PROVIDED DATA:
--

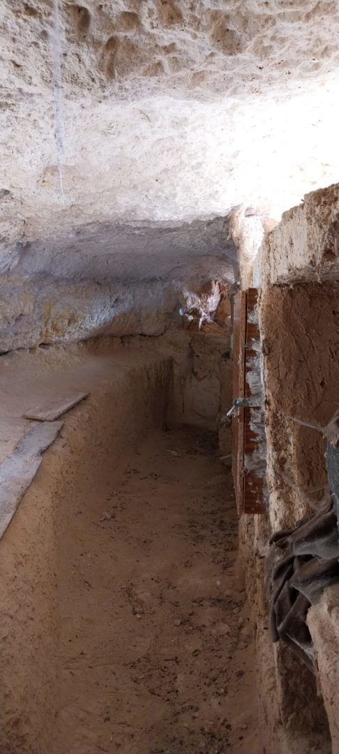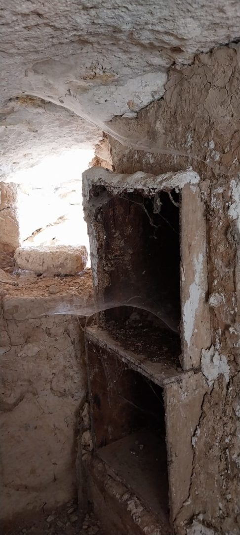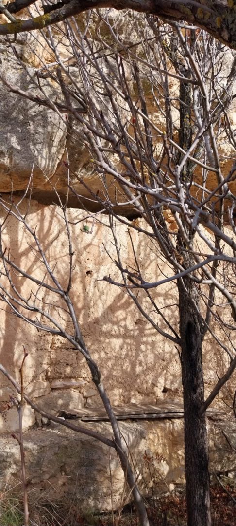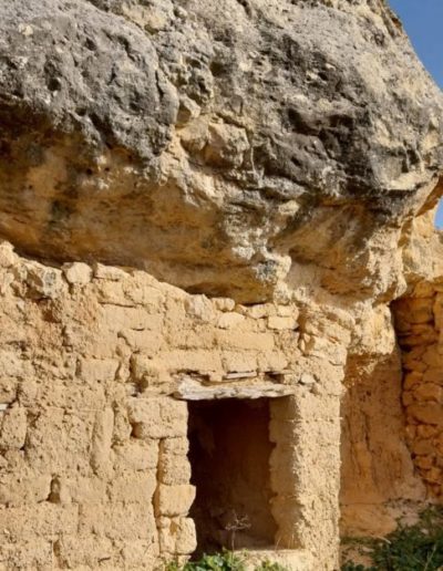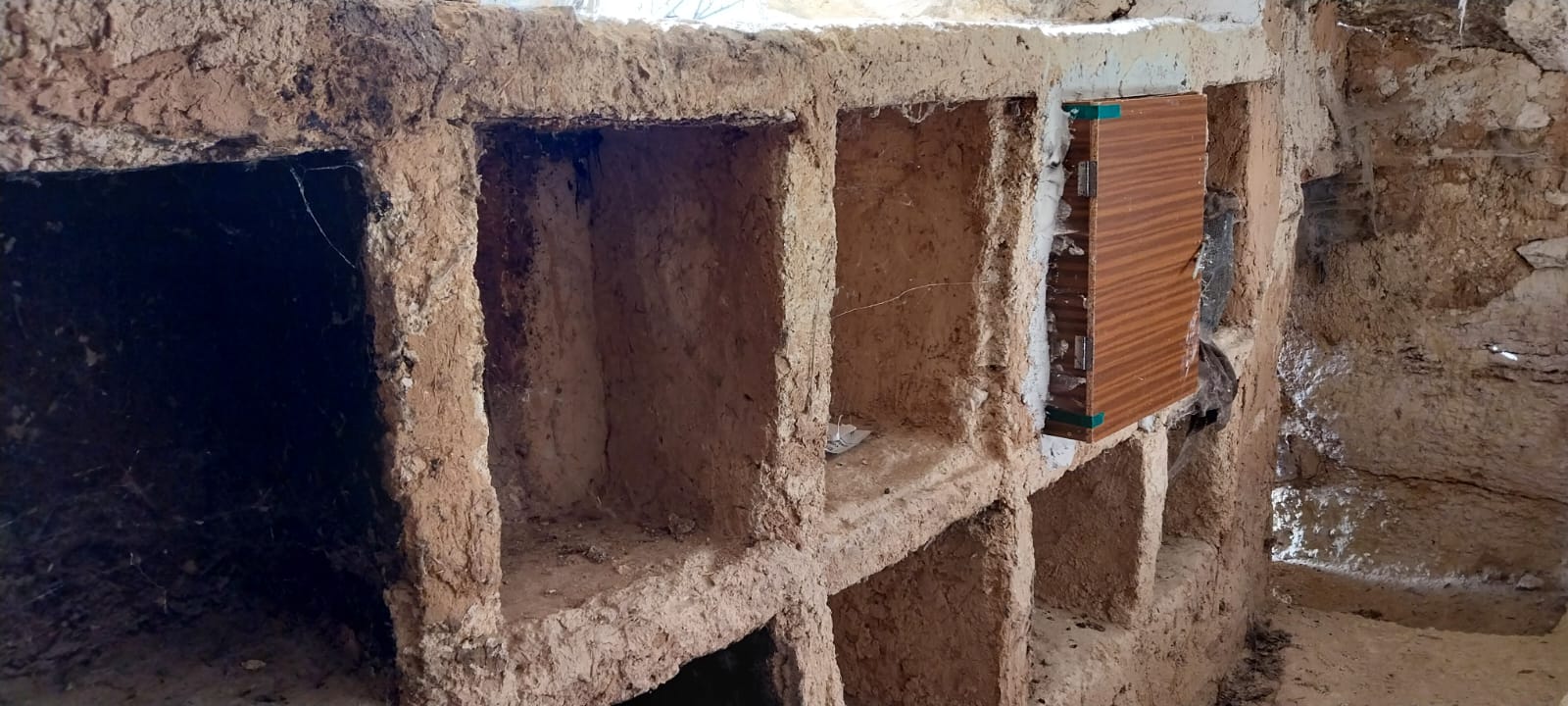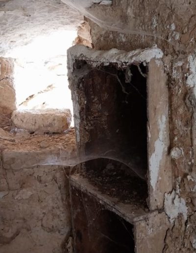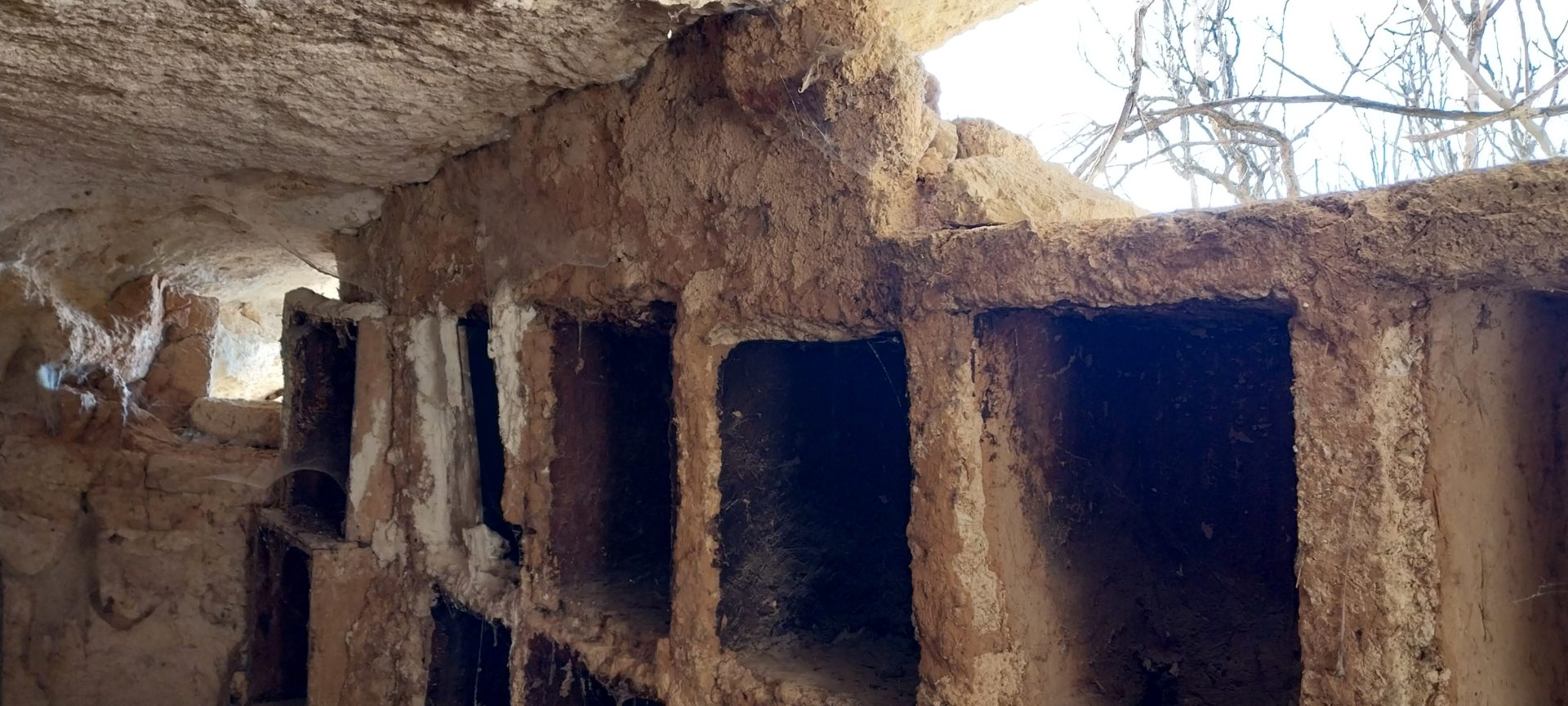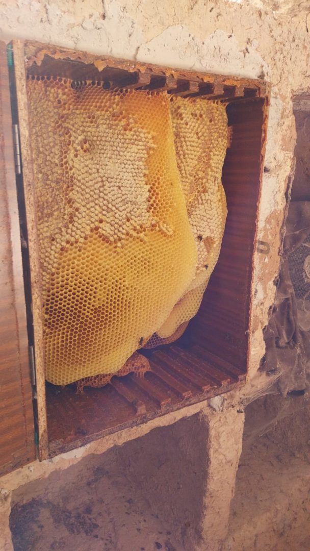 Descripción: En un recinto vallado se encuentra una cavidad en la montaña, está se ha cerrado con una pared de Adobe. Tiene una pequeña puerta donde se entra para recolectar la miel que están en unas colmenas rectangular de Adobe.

--

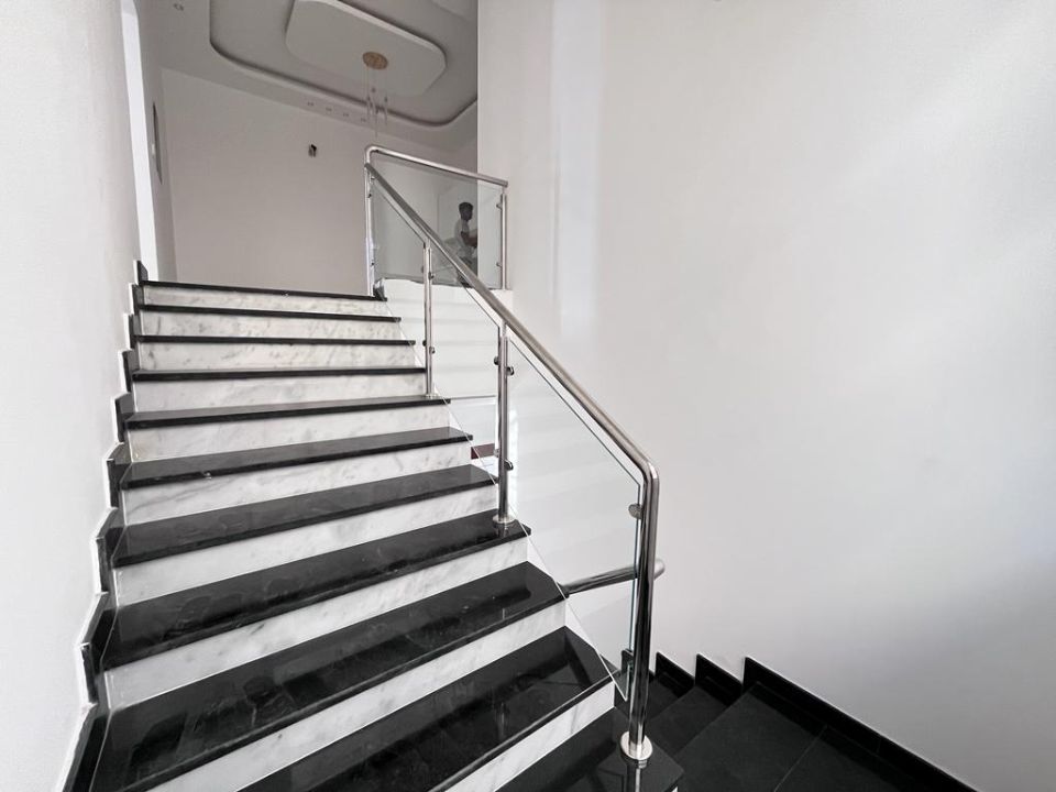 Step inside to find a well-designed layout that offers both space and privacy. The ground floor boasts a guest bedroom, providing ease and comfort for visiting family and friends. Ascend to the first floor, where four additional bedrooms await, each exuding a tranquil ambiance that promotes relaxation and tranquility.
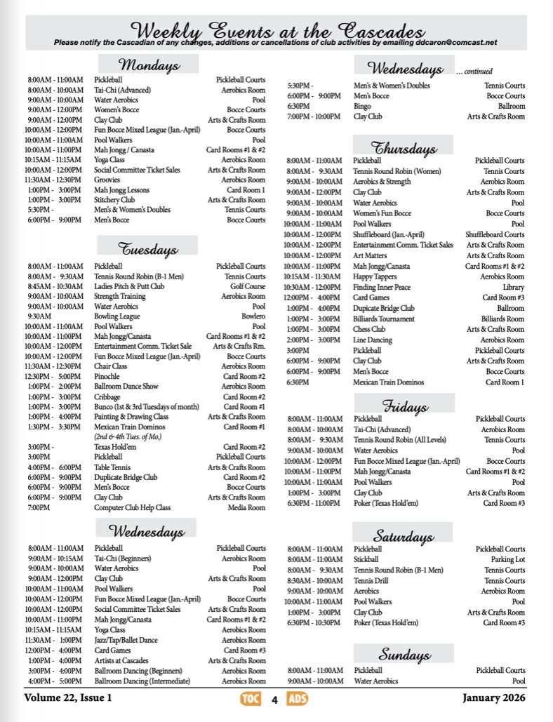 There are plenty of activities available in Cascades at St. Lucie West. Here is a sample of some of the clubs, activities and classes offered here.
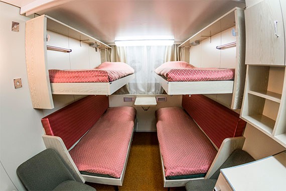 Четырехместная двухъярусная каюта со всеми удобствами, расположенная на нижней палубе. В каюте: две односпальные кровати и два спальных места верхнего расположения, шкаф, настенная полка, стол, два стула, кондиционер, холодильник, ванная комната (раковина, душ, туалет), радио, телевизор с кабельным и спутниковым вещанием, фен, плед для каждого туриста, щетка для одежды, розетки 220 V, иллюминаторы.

--

PROBLEM DESCRIPTION:
The lines to copy exactly start with the line above that has "There are plenty" and go on through the line that has "Четырехместная двухъярусная каюта"; please include both, add nothing else, and omit the pictures.

SOLVED EXERCISE:
 There are plenty of activities available in Cascades at St. Lucie West. Here is a sample of some of the clubs, activities and classes offered here.
 Четырехместная двухъярусная каюта со всеми удобствами, расположенная на нижней палубе. В каюте: две односпальные кровати и два спальных места верхнего расположения, шкаф, настенная полка, стол, два стула, кондиционер, холодильник, ванная комната (раковина, душ, туалет), радио, телевизор с кабельным и спутниковым вещанием, фен, плед для каждого туриста, щетка для одежды, розетки 220 V, иллюминаторы.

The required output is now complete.